Jesus’ concerns, which He wants once again to share with His
disciples, are that His submitted life is very shortly to be taken
through a path of deliverance into malign hands, condemnation and
death on the cross, and then resurrection. This will have a profound
effect upon the disciples and they ought to be prepared for what is
about to happen. But the disciples’ concerns at this time, on the
other hand, show how deeply unprepared they still are. When Jesus
asked them what they had been discussing on the road, they hesitated
to own up to the nature of their concerns - that they had been
discussing which of them was the greatest. So Jesus showed them that
if a child is received in Christ’s name, Christ Himself is received.

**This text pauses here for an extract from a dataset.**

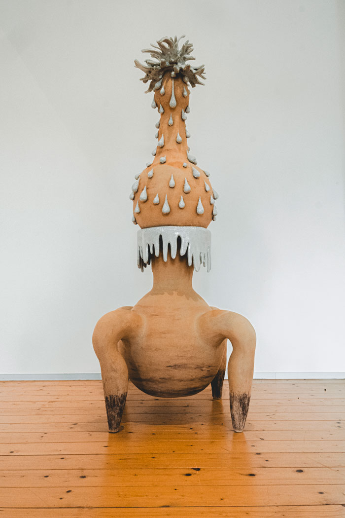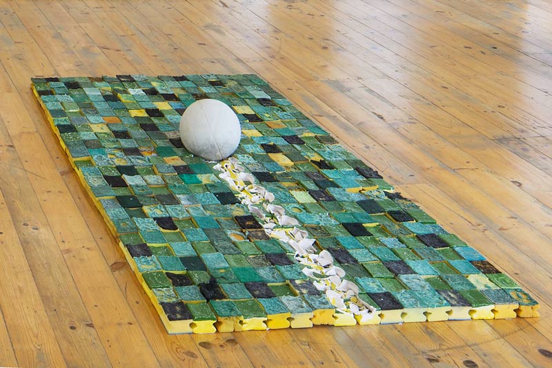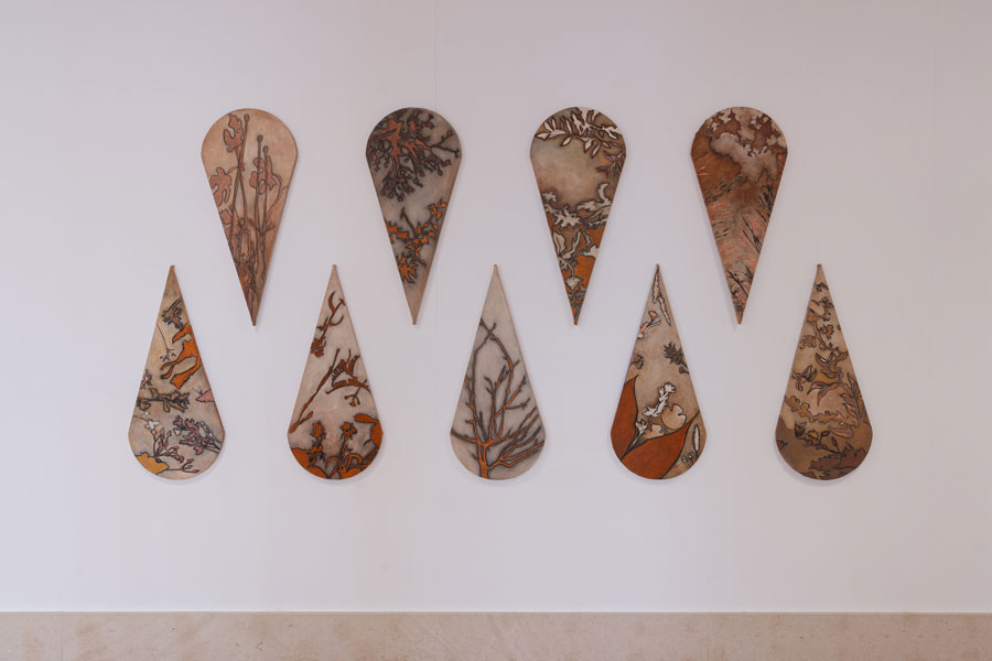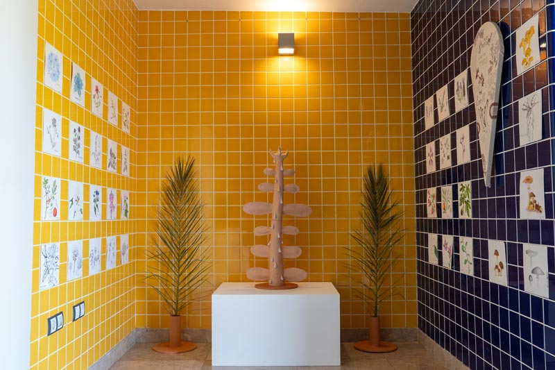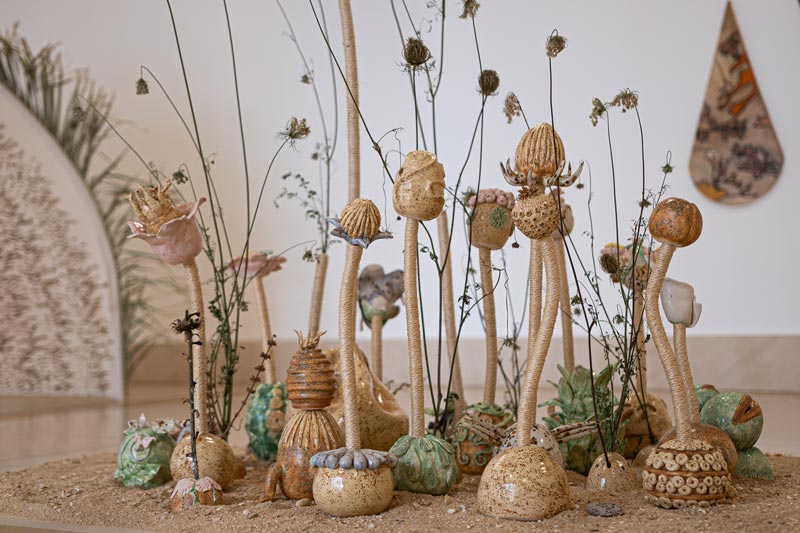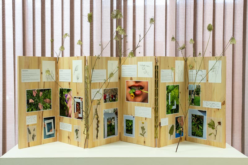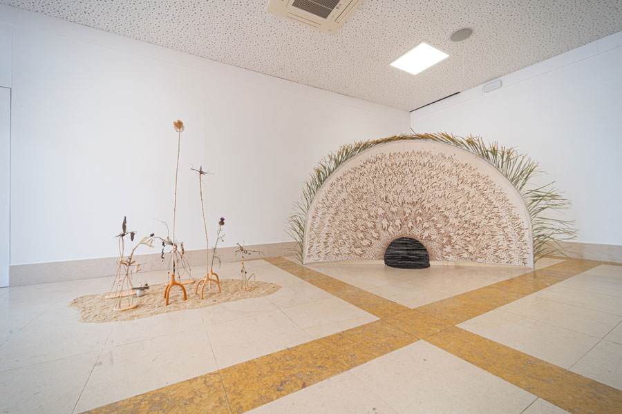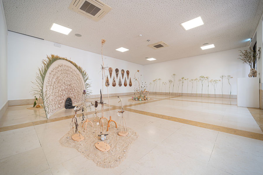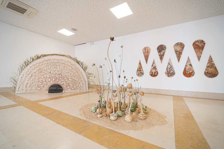 Num dia bem quente, percorri 588km para ver a exposição PLANTAR AFECTOS da Mariana Dias Coutinho, artista oriunda e criada em Lisboa, mas que se transplantou para Santa Clara-a-Velha, Odemira, onde desde sempre teve laços. Conheci a Mariana neste concelho, em 2022, para onde ela se tinha mudado semi-recentemente (mesmo antes da pandemia), e identifiquei imediatamente bastantes semelhanças no nosso percurso, em particular a migração de uma capital para um lugar isolado. Migração esta que traz consigo todo um percurso profissional artístico transdisciplinar, e a determinação de nos ligarmos à terra, às suas gentes, e de integrar uma comunidade que o capitalismo nos vai roubando, com a descentralização das artes enquanto metodologia. Conduzir ao largo da serra de Monchique pelas montanhas vermelho barrento cortadas pela estrada, em contraste com o verde dos sobreiros e sarapintas de floresta antiga, fez-me sentir a força estética à qual Dias Coutinho se dedica. Os materiais naturais, com muita incidência no barro e na exibição dos seus pigmentos em tela crua, aliado á vegetação local, são qualidades distintivas da sua materialidade. E é mesmo na materialidade que tudo começa para Mariana, disse-me em entrevista. E as influências desta paisagem são muito claras no seu atual trabalho: a âncora da terra transforma-se em grés, em faiança, permanentemente solidificada através da cerâmica como técnica central; mas a ciclicidade da vida, o efémero, o movimento das pessoas, das plantas e do que fazer arte nos pode trazer enquanto praticantes, também se desdobra a partir dessa âncora telúrica. Dias Coutinho admite-se como alguém que gosta de estar com pessoas, por isso, viver num sítio isolado, alimenta ainda mais a vontade de se aproximar delas. Mesmo quando estava em Lisboa, estes dois temas já se aliavam na sua obra, como por exemplo em ‘Lide’ (2018), uma escultura/instalação retangular de chão composta por esponjas de lavar a louça em mosaico, alternadas por réplicas feitas em cerâmica. Estas esponjas – as originais – tinham sido recolhidas pelo bairro onde vivia e através de amigos, e com isso trabalhava sensações e impressões como a limpeza e o nojo, assim como também a sua materialidade: ‘nós confiamos nestes materiais e nas verdades construídas à cerca deles’ diz Coutinho, mas as esponjas enganam, pois são ‘antros de bactérias que estás a espalhar deliberadamente’ [1]. Note-se a transição de materiais sintéticos enquanto vivia na cidade, para uma rendição aos materiais naturais quando se muda para o campo, incluindo pessoas e os materiais delas: para se integrar na comunidade, Coutinho começa por auto-organizar uma residência artística no cabeleireiro local, em Saboia, o Salão Marta, onde recolheu, colecionou e catalogou os cabelos e histórias da população. Uma coleção que ainda que dedicada ao questionamento do que é o nojo, revela uma ambiguidade presente no material cabelo - entre a beleza e nojo - e possibilitou um arquivo representativo da comunidade através das oralidades e paleta de cores recolhida: o degradê de texturas e cinzas nos grisalhos, os louros de sangue ‘viking’ e os cor-de-rosa e azuis da adolescência retratam a aldeia. Os posicionamentos da sua obra tão única e notável, são algo que me interessam cruzar, e entendam-se por posicionamentos, a sua posição no lugar que é Portugal, e o posicionamento teórico-prático no âmbito artístico. A prática artística de Mariana Dias Coutinho tem-se desenvolvido mais recentemente através da participação comunitária, quer seja através do Plano Nacional das Artes, quer por outras parcerias que vai conseguindo estabelecer com várias associações e municípios, com principal incidência no Alentejo e Algarve. Uma prática social, pedagógica, participativa e comunitária que não deixa de ser autoral, como se pode ver no caso da obra que apresenta na sua atual exposição no Centro Cultural de Lagos, Centro de Ciência Viva e Biblioteca Municipal PLANTAR AFECTOS patente até dia 12 de julho. O trabalho artístico passou pela autoria, desenvolvimento e coordenação do projeto, criação e produção artística, sendo uma das suas fases a aprendizagem por parte dos alunos da escola secundária Júlio Dantas e membros do público, e a fabricação de peças cerâmicas. Numa fase mais inicial, trabalhou os afetos, a atenção, como a própria descreve em folha de sala: ‘A arte, aqui, não é apenas expressão: é gesto de encontro, de escuta e de cuidado.’ [2] E isto também são meios que se esculpem, que se moldam, que se trabalham artisticamente. Nem só de material físico vive o artista, especialmente quando se trata de uma visão como a de Mariana, a da mudança de um paradigma. Esta mudança de paradigma, prende-se muito com formas de transmissão de conhecimento, e com o papel da natureza nessa transmissão e nesse conhecimento. Em ‘Curandeiras entre Nós’, exposição no Espaço CRIAR (Centro em Rede de Inovação do Artesanato Regional), em Odemira, com colaborações com o Agrupamento Escolar de Saboia, e o Grupo Etnográfico Gentes do Alto Mira, que esteve patente em setembro e outubro do ano passado, assim como no projeto ‘Ervas Daninhas, Ervas Divinas’ parte do Plano Nacional das Artes com o Agrupamento de Escolas de Saboia, Coutinho abraça a missão de ‘provar que a arte também é veículo de aprendizagem, e que é transdisciplinar’ [3]. Mais ainda, um paradigma que ao reavivar tradições anciãs que têm valores a ser preservados, germinam novas estéticas contemporâneas e suscitam valores avançados. Algo que me emocionou na exposição PLANTAR AFECTOS, para além de conseguir sentir que os aspetos formais eram veículos de sensibilidades simultaneamente individuais e coletivas, a escolha das cores e o véu têxtil envolvente deu-me a sensação de estar a ser abraçada. Note-se que para haver

Like a child submitted to parental authority, Jesus Himself is shortly
to be received into heaven, submitted to His Father; let them too,
then, be submitted like a child! At this point the disciples were
failing the course on “How to be Really Human” even having the
greatest of teachers, and we can see that after 2000 years of the same
course taught by the Holy Spirit of God our western world seems to be
on the brink of failure, and we in the Church often register failing
grades as well. Let’s listen to the teachers of the course again. If
we are not in submission to God by the means that Jesus offers, human
society becomes disordered and compulsive and our humanity itself
becomes devilishly inhuman; but in the words of St. James, “Submit
yourselves to God. Resist the devil, and he will flee from you.” BIBLE STUDY QUESTIONS 1.
What sort of power holds together a society in which the
members are submitted to God? 2.
If the members of a society are NOT submitted to God, how can
it be made to hold together? Explain and give examples of how the two
societies (1. and 2.) differ. 3. For Jesus, a life submitted to God meant suffering. (What else might it have meant for Him?) Will a submitted life for us mean more suffering, or more joy?